The right way to use your wrists in the swing, say 100 best instructors

The golf swing consists of a variety of moving parts. In the time it takes for this movement, the body, arms, hands, and wrists move in tandem to send the ball flying into the correct lane.

Any semi-qualified golfer knows this for a fact, but some of the elements that underpin your swing are not well understood. For example, the way the wrists work with the rest of the components may be one of the most misunderstood elements of the swing.

For a quick explanation on the subject, we enlisted the help of Top 100 GOLF Instructors Brian Manzella. Check out the video above, or read below, to learn more about how to properly use your wrists in the hammock.

How to properly use your wrists in the swing

Many players realize that they need to to use their wrists to swing, but few know How do To do that. This results in a lot of less than ideal positions in your swing.

Why understanding how your wrists work in your golf swing is the secret to club face control

by:

Mark Immelman



“If you look at almost any swing sequence of a great player, they all have that look,” says Manzella. “The club is above the plane.
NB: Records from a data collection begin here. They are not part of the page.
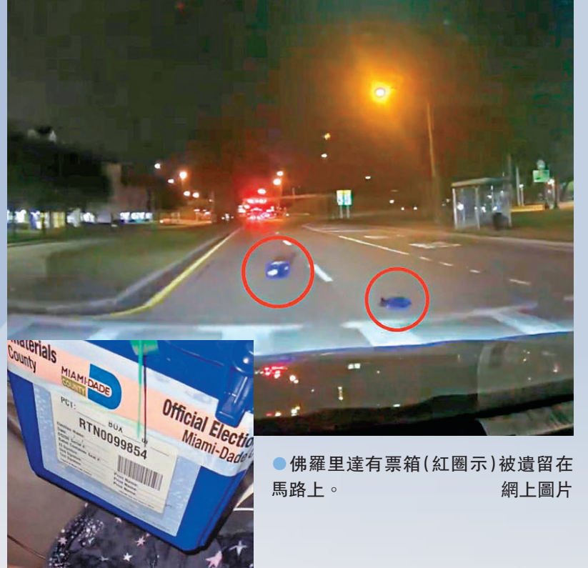
佛羅里達有票箱(紅圈示)被遺留在馬路上。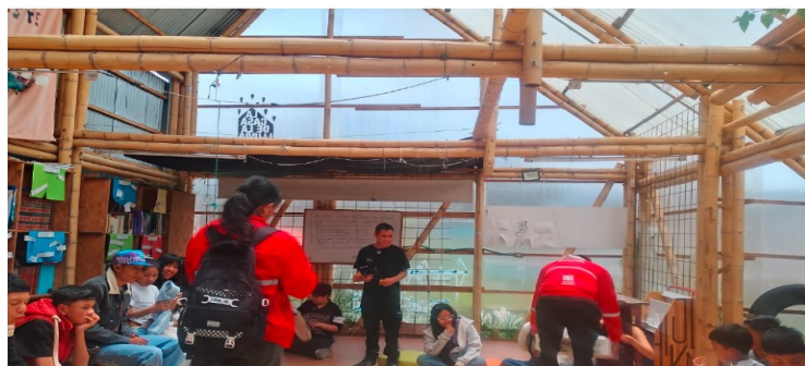
FOTO1: Jornada de integración y participación juvenil durante la actividad desarrollada en articulación interáreas en la localidad de San Cristóbal.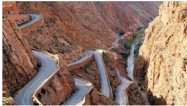
Durchbruch des Flusses Dades am Südrand des Hohen Atlas

dieser Folder wurde CO 2 -neutral hergestellt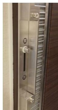
レジスター操作部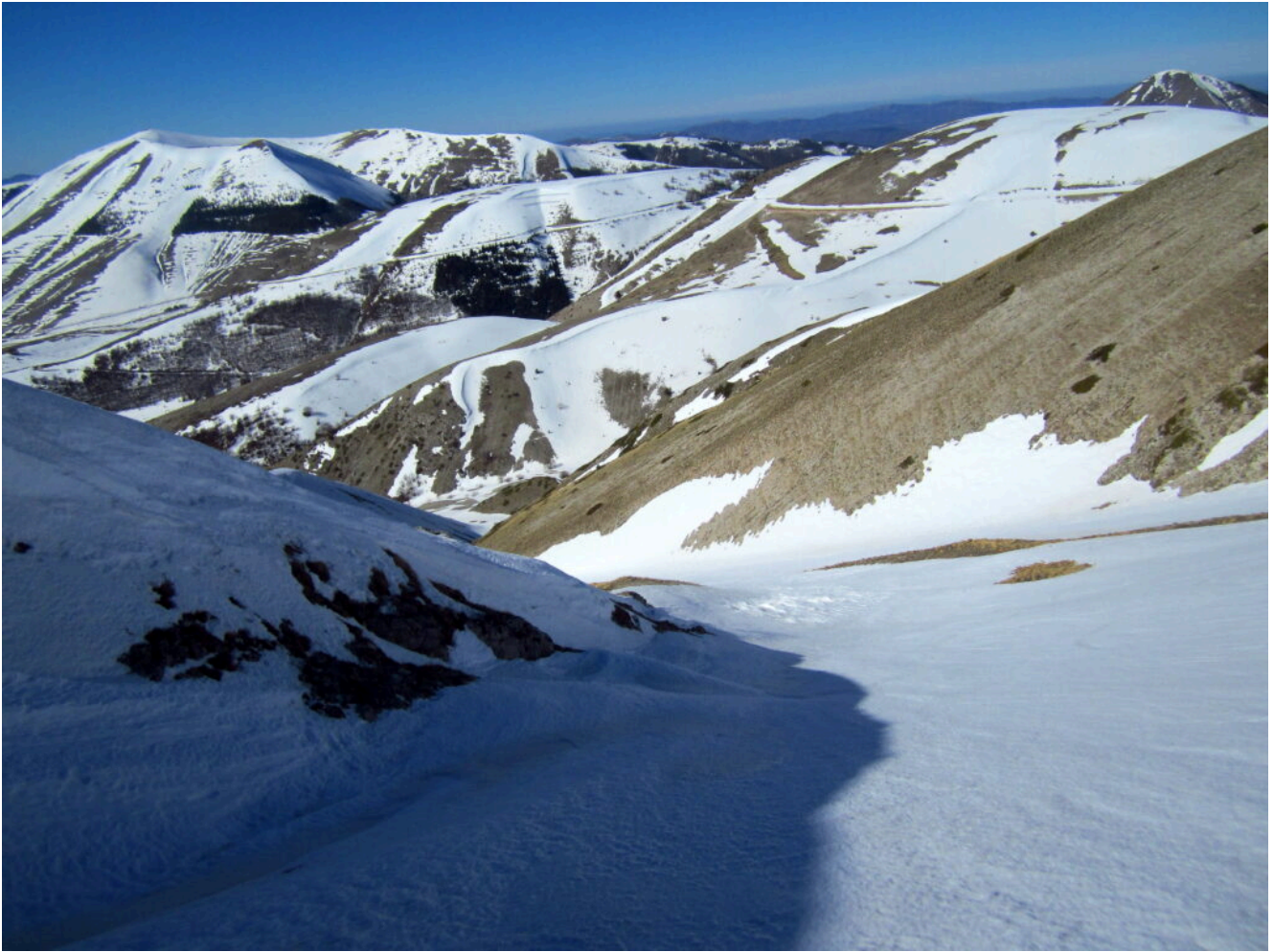
6- Vista verso Ovest sul Monte Cardosa a destra e sotto il Monte Prata con la strada mentre a sinistra il Monte Lieto con la fascia di rimboschimento.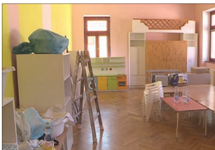
A Lenkey ovi csoportszobájában lassan minden a helyére kerül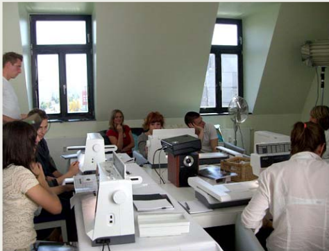
The Next Fashion Talent Episode 3 Pfaff-Schulung + Fashion-Zeitreise, Berlin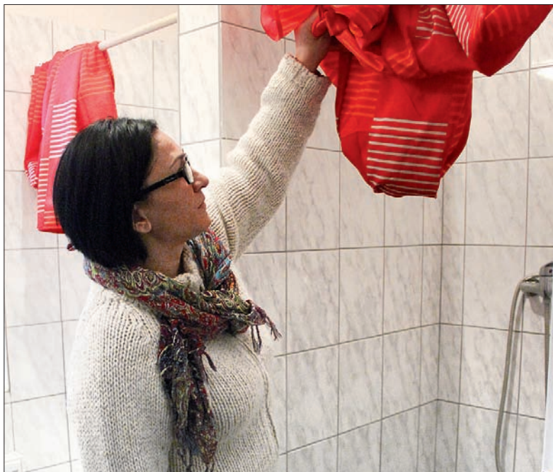
Łazienka w ośrodku dziennym dla bezdomnych w Boguminie służy tym, którzy nie mają się gdzie umyć.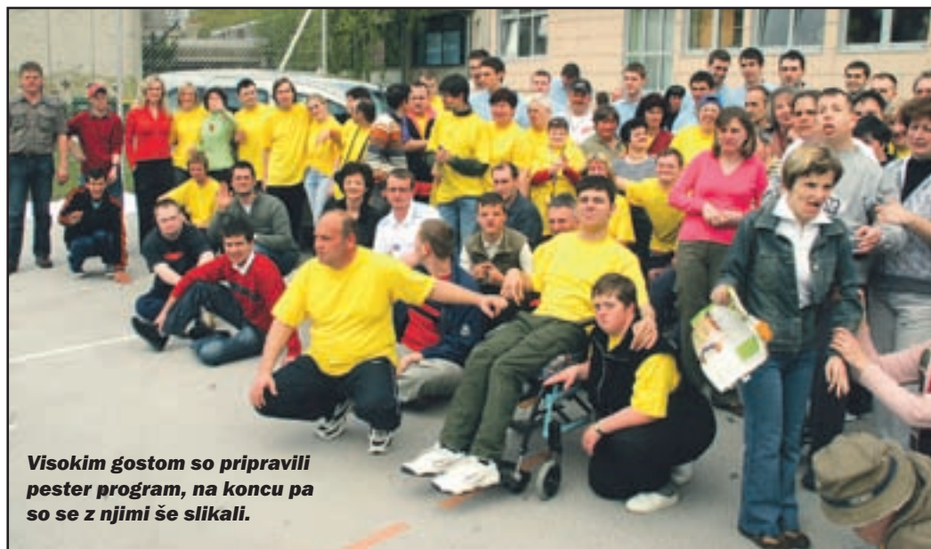
Visokim gostom so pripravili pester program, na koncu pa so se z njimi še slikali.

The face is somewhat turned to the plane. The butt of the club is more or less pointed towards the ball.”

Now that you understand the proper post-impact position, take the same wrist-joint position and move your arms and body again for impact. You’ll notice that to align the club face, the wrists have to have a lot less hinge than they need to throughout the release.

“Obviously it’s from effect to [release]says Manzella. “And if you come back to that position halfway down, you can now see how far I’m actually throwing the clubhead off my hand.”

Sometimes taking stances on your swing and moving them to other points on the swing arc can help you understand the movements needed to get to those points.

“Don’t freak out if you think you’re ‘ejaculating’ too soon,” says Manzella. “As long as your pivot is moving, that will have some force along the shaft that keeps your hands in front of the clubhead, so you line up the club like an impact tour player and spin on the board just like Freddie Couples and Ben Hogan.”

Milton exhaled

Golf.com editor

Zephyr Melton is an assistant editor for GOLF.com where he spends his days blogging, producing and editing. Before joining the team at GOLF.com, he attended the University of Texas followed by stops with Team USA, Green Bay Packers, and the PGA Tour. He assists with all instructions and covers amateur and women’s golf.